Qual o jornalista que perde o seu tempo, se preocupa, se emprega, se arruína, nessa exibição meticulosamente exata da representação literária dos fatos que descreve? Para fazer o seu jornal vivo e crepitante, bastam-lhe a clareza e a graça, a ajuda do bom gosto natural – a elegância do currente calamo. Nem há tempo para mais. Não. O Jornalismo não é um gênero literário. O Jornalismo é uma função política. A expressão “política” veio-nos do grego e corresponde em vernáculo à “ética do Estado”, ou por outra: à filosofia moral do governo dos Estados. Ora, tudo no Jornalismo moderno corresponde superiormente à ordenação moral e espiritual da sociedade. O simples noticiário de polícia – aparentemente o primeiro degrau da profissão jornalística – põe no seu tecido as paixões, os interesses, as alegrias, os sofrimentos, as dúvidas e as ilusões da existência individual e coletiva diariamente exemplificados, ostentando-se com um ensinamento eloqüente, filho do conhecimento e da prática.

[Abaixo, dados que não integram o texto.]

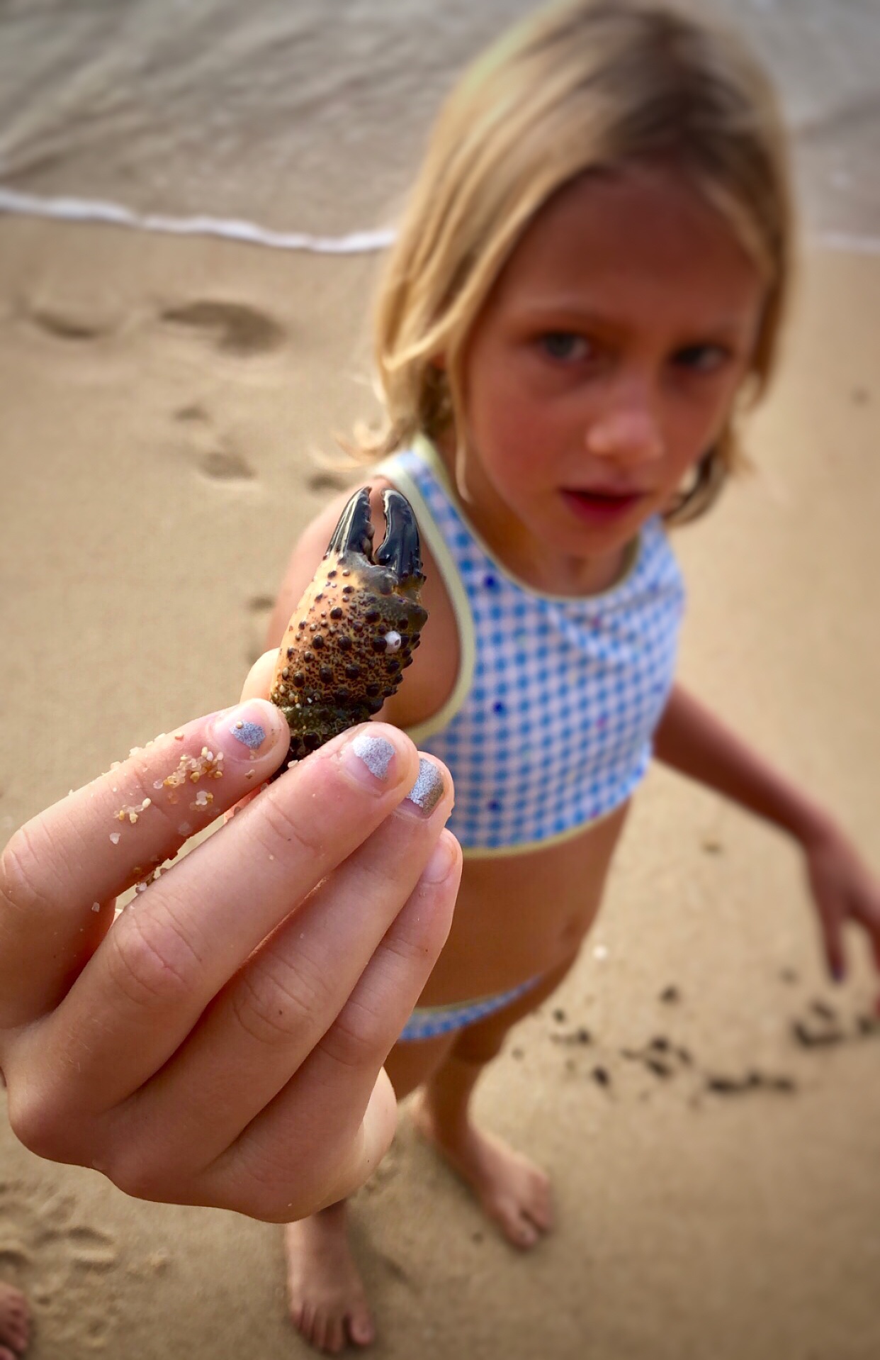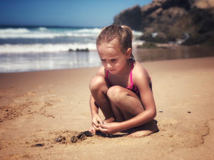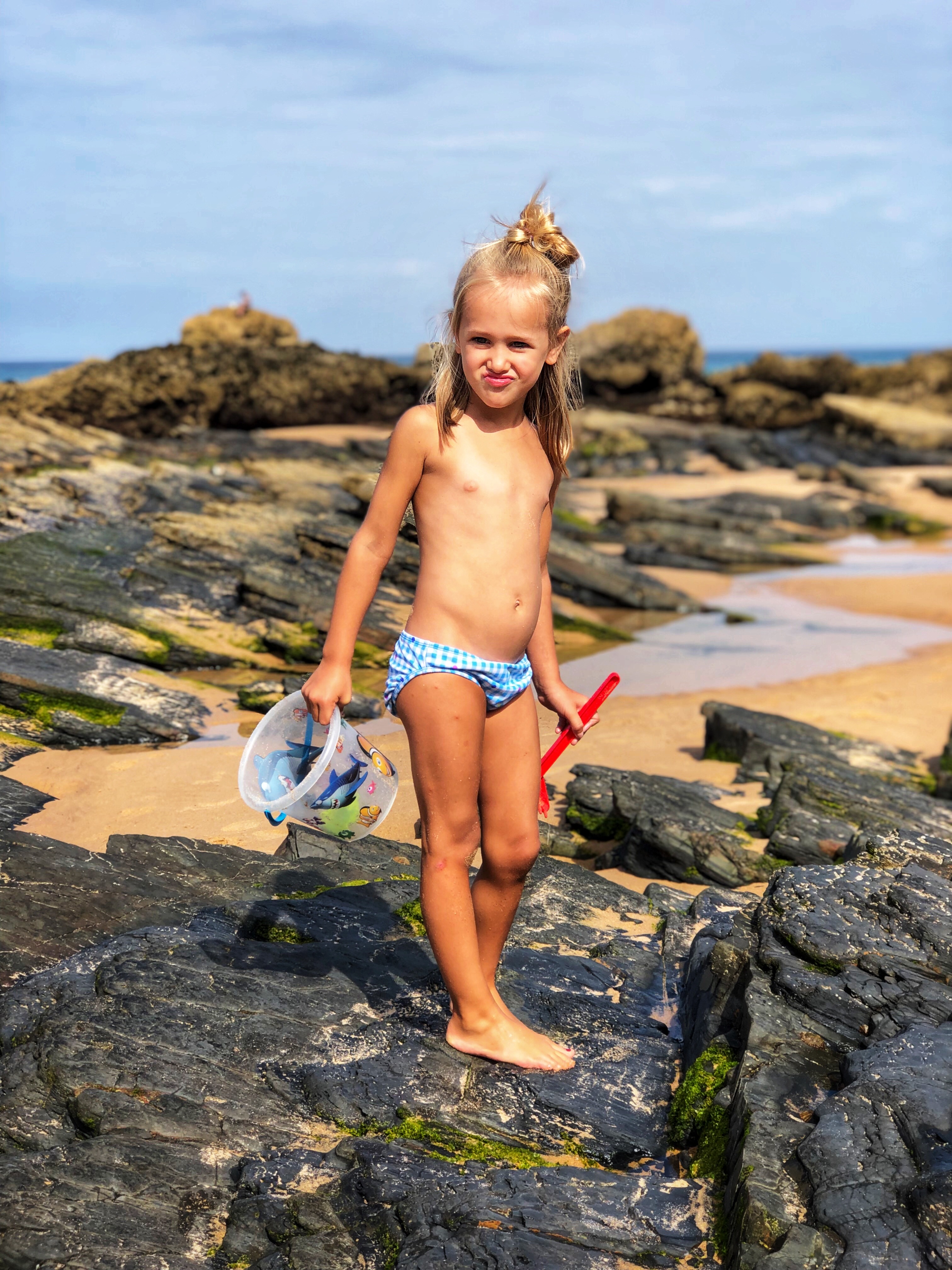 A girl and her bucket, searching for crabs…

Os jornais são os cinco sentidos das aglomerações humanas. Constituem a atmosfera comum em que vibram as inteligências de um povo, formam a contigüidade das opiniões, estabelecem as fórmulas que uniformizam os conceitos, assim accessíveis a todas as bitolas mentais. No jornal, o mais humilde, o mais modesto sinal tipográfico tem sua significação eminentemente social, e portanto política.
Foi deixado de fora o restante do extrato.